Question 227: Indicate if a positive molecular marker(s) was identified

Indicate if a positive molecular marker was identified at the time of evaluation for this reporting period.

If a positive molecular marker was identified, select “yes” and continue with question 228.

If there were no molecular markers identified, or it is unknown whether molecular markers were identified, select “no” or “unknown” respectively, and continue with question 234.

Question 228: Date sample collected

Report the date the sample was collected for molecular testing.

If the exact date is not known, use the process for reporting partial or unknown dates as described in General Instructions, Guidelines for Completing Forms.

Questions 229-230: Specify the positive molecular marker

Specify the positive molecular marker and continue with question 231. If a positive marker is detected, but not listed as an option, select “other molecular marker” and specify the positive molecular marker in question 230.

Questions 231-232: Amino acid change

Amino acid changes can be described using standard mutation nomenclature. For CIBMTR reporting purposes, only amino acid changes based on protein-level sequences, beginning with the prefix “p.,” need to be reported. See Figure 1 below for an example of an amino acid change within a molecular pathology report.

Figure 1. Molecular disease assessment with amino acid changes documented (highlighted in yellow).

For more information on nomenclature used for amino acid changes, visit the Human Genome Variation Society Sequence Variant Nomenclature Protein Recommendations.

For question 231, indicate if the amino acid change is “known “or “unknown” for the positive molecular marker reported in questions 229-230. If known, report the amino acid change in question 232. If unknown, continue with question 233.

Copy questions 229-232 to report more than one positive molecular marker.

Question 233: Was documentation submitted to the CIBMTR?

Indicate if the pathology report is attached to support the molecular findings reported in questions 229-232. For further instructions on how to attach documents in FormsNet3SM, refer to the Training Guide.

Question 234: Was the disease status assessed via flow cytometry? (at the time evaluation for this reporting period)

Flow cytometry assessment is a method of analyzing peripheral blood, bone marrow, or tissue preparations for multiple unique cell characteristics; its primary clinical purpose in the setting of MDS, MPN, and leukemias is to quantify blasts in the peripheral blood or bone marrow, or to identify unique cell populations through immunophenotyping.

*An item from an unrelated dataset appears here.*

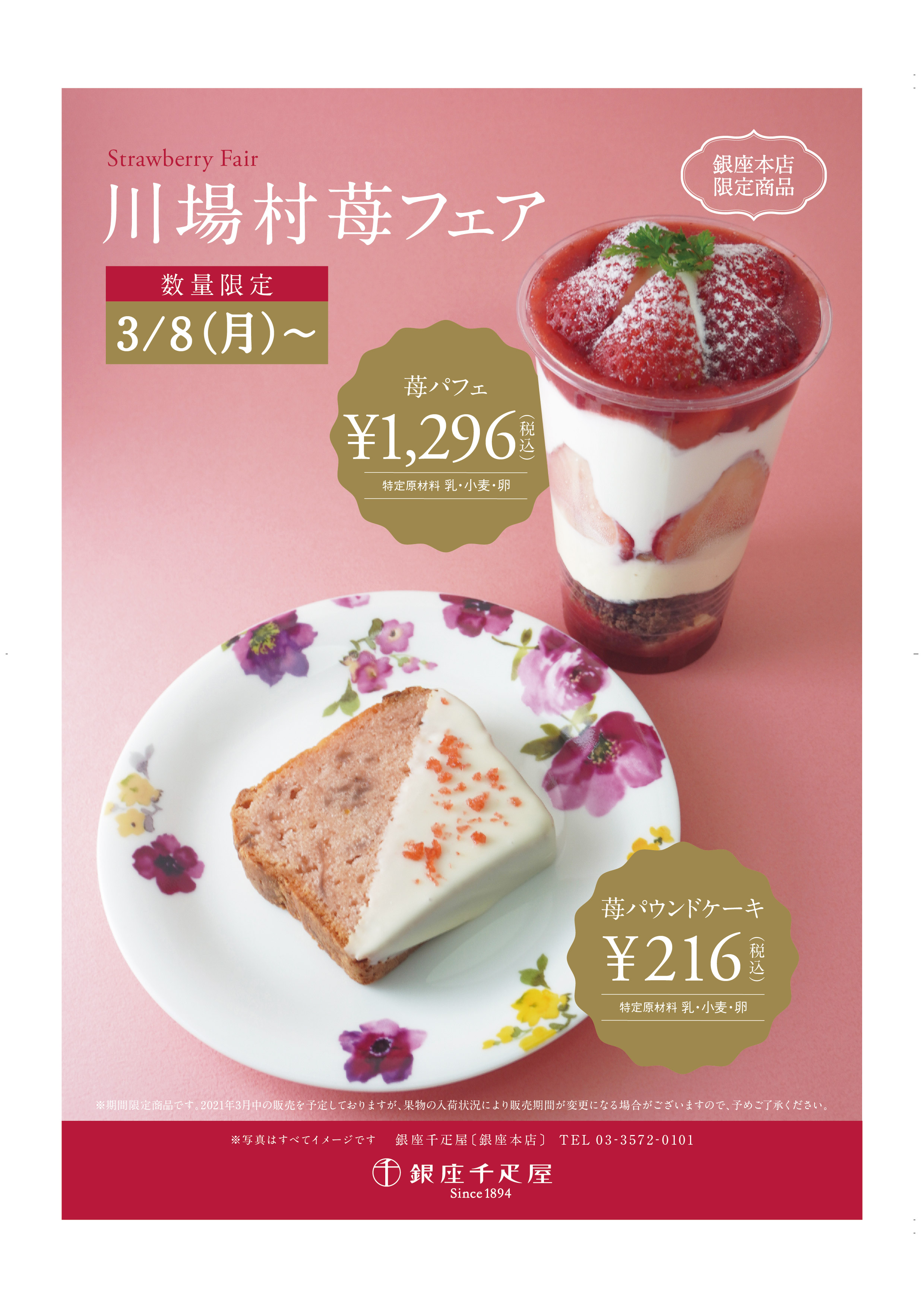 銀座千疋屋・パティスリー銀座千疋屋では、2021年3月8日(月)〜2021年3月31日(日)にて“川場村 苺フェア”を開催いたします。

Flow cytometry assessment may also be referred to as “MRD” or minimal residual disease testing.

Indicate if flow cytometry was performed on peripheral blood and/or bone marrow sample at the time of evaluation for this reporting period.

If flow cytometry was performed, select “yes” and continue with question 235.

If flow cytometry was not performed, flow cytometry sample was inadequate, or it is unknown if flow cytometry was performed, select “no” and continue with question 243.

Question 235-236: Blood

Indicate if flow cytometry was performed on the peripheral blood at the time of evaluation for this reporting period. If multiple assessments were performed, report the assessment performed closest to the date of contact.

If flow cytometry was performed on a peripheral blood sample, select “yes” and report the date the sample was collected in question 236. If the exact date is not known, use the process for reporting partial or unknown dates as described in General Instructions, Guidelines for Completing Forms.

If flow cytometry was not performed on a peripheral blood sample, select “no” and continue with question 239.

Questions 237-238: Was disease detected?

Indicate if evidence of disease was detected in the peripheral blood sample sent for flow cytometry analysis. Evidence of disease may include the presence of blasts or an immunophenotype known to characterize the recipient’s disease. If flow cytometry results are consistent with evidence of disease, select “yes” and specify the percentage of disease detected (to the nearest thousandth) in the peripheral blood as documented in the flow cytometry report in question 238.

If flow cytometry results were not consistent with evidence of disease, check “no” and continue with question 239.

Question 239-240: Bone Marrow

Indicate if flow cytometry was performed on the bone marrow at the time of evaluation for this reporting period. If multiple assessments were performed, report the assessment performed closest to the date of contact.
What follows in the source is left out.